Motion information is a central part of our visual experience. This is reflected in observers' high sensitivity to motion; under ideal circumstances, we can reliably discriminate motion stimuli that are displaced by only a few arc seconds (Nakayama & Silverman,
1985) or presented for a few milliseconds (Lappin, Tadin, Nyquist, & Corn,
2009). However, motion information is used for purposes other than motion perception per se (Nakayama,
1985). It can contribute to a wide range of brain functions, including the generation of tracking eye movements, altering hand movements, controlling posture, aiding in figure-ground segmentation, and calculating three-dimensional structure (Born, Groh, Zhao, & Lukasewycz,
2000; Bradley, Chang, & Andersen,
1998; Lisberger, Morris, & Tychsen,
1987; Nakayama,
1985; Saijo, Murakami, Nishida, & Gomi,
2005).

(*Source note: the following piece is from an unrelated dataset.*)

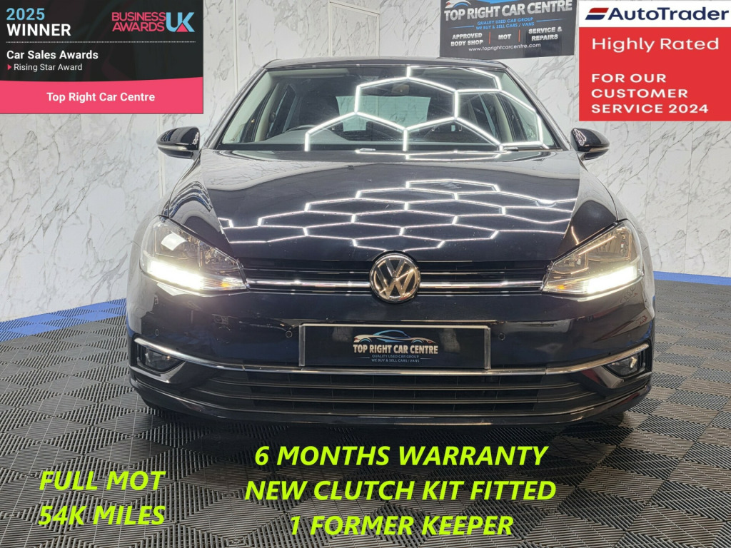 *** NIL DEPOSIT FINANCE AVAILABLE *** 6 MONTHS WARRANTY AND BREAKDOWN COVER WITH THIS CAR.(0% interest 9 months payment plan for extended warranty options are available for 1 or 2 years).1 former keeper only. Low mileage 54k miles only. We just replaced the clutch kit.FULL SERVICE HISTORY. FULL MOT ON SALE. We just done the fresh service.This stunning Volkswagen Golf has been sourced directly from its Previous Private Owner. Every now and again, a car comes into stock at Top Right Car Centre, that you cannot help but fall in love with.Top Spec GT has massive centre touch screen, SATNAV, apple car play, android auto, mirror link, 4 driving modes, all electric windows, auto-folding electric side mirrors, day time running LED lights, privacy glass, parking sensors, cruise control. Clean Car in Black colour. Great comfortable family car. Well maintained body work and interior. Bullet fast response. Checked by our engineers. Professionally detailed. Good reliable runner. Price checked. We've just completed a full pre delivery inspection on the car to give you complete piece of mind. 2 central locking keys. Smooth gear box. Clean alloy wheels. Excellent condition tyres. Spare wheel. Multimedia has Bluetooth DABRADIO USB AUX mp3. Run with no fault strong reliable engine. Good fuel economy. First to see will buy it this well looked after car. cat N. p/x welcome. We do price our cars/van as competitively as possible and because of this we sell cars/vans very quickly. BE QUICK! MISS IT - MISS OUT. With so much variety, quality and highly rated award winner 2024 and 2025, it is no wonder we are super busy all the time. Why Buy From Top Right Car Centre?Thoroughly Inspected Cars. All our vehicles are quality-checked and HPi verified, giving you peace of mind with every purchase.Multi Award-Winning Family Business. As a trusted family-run business, we have earned awards for our customer service and expertise.Hand-Picked, Quality Cars. We carefully select only the finest cars with full service histories, so you can drive away with confidence.Test Driven for Assurance. Each car is personally test-driven by our team, ensuring it meets our high standards.Delivery Service available. v socket - luggage compartment, car-net app connect, composition media system, discover navigation touch-screen navigation-radio system with car-net guide and inform, rear window aerial, 17in alloy wheels - dijon, black front air intake and radiator grille with chrome trimmed inserts, body coloured bumpers, body coloured door handles, body-coloured door mirrors with integrated indicators, chrome trimmed front air intake surround, electric windows - front and rear, heated rear windscreen, mirror pack, rear diffuser - black, rear tinted glass - b pillar backwards - approx 65 percent tinted, remote electrically foldable door mirrors - door mirror puddle lights and reverse activated kerb-view adjustment on passengers door mirrors, steel space saver spare wheel, tailgate with integrated rear roof spoiler, abs - anti-lock braking system with hba - hydraulic brake assist, airbags, alarm with interior protection, automatic post-collision braking system, child security locks in the rear doors, esc - electronic stability control including edl - electronic differential lock and asr - traction control with deactivation via infotainment system, electronic engine immobiliser, electronic parking brake with auto hold function, front assist, height-adjustable front three-point seat belts with tensioners, isofix child seat preparation for 2 rear seats, misfuel prevention device, pre-crash preventive occupant protection, predictive pedestrian protection, rear number plate lights incorporating led technology, rear screen wash-wipe with intermittent wipe, remote central locking with 2 remote folding keys, three rear 3-point seat belts, warning buzzer and light for front seat belts if unfastened, xds electronic differential lock for improved traction and handling, adaptive cruise control, brake pad wear indicator, driver alert system, driving mode selection, lowered sports suspension, multifunction computer, parking sensors - front and rear, power assisted steering - speed-sensitive - electro-mechanical steering rack, speedo and rev counter - electronic odometer - trip - service interval display - exterior temperature gauge and fuel gauge, tyre pressure loss indicator, air conditioning - manual, ambient lighting pack, bag hooks in the luggage compartment x2, carpet mats - front and rear, chrome plated air vent surrounds, chrome plated electric mirror adjustment switch surround, chrome plated electric window button surrounds, chrome-plated light switch surround, convenience pack, cover for storage compartment in centre console, cup holders - front x2, driver personalisation profile, drivers and passengers safety optimised head restraints, dust and pollen filter, front centre armrest with storage compartment and two rear air vents, front footwell illumination, front seat back storage pockets, front sport seats with height and lumbar adjustment, galvanised body, glovebox - cooled, grab handles - front x2 rear x2 with coat hooks, instrument lighting - white adjustable panel illumination, interior light delay, load lashing points x4 in luggage compartment, load-through provision, luggage compartment cover - stowable, luggage compartment light, luggage compartment storage area on left and right, lumbar support for drivers and front passenger seat, piano black decorative inserts in centre console, premium usb cable, rain sensor and automatic dimming rear-view mirror, reading lights front x2 and rear x2 - led, rear centre armrest - folding with cup holders x2, reflectors in doors, split folding rear backrests 60-40, steering column - height and reach adjustable, steering wheel - multifunction - leather trimmed, storage compartment in centre console, storage compartment in front doors, storage compartment in rear doors, storage compartment in roof console w

These brain functions have widely varying requirements and goals, suggesting that associated neural mechanisms likely have varying sensitivities that are matched to specific demands of different motion processes (Gomi, Abekawa, & Shimojo,
2013). Therefore, a stimulus that generates a weak or unreliable perceptual sensation of motion may nonetheless be quite suitable for another brain function.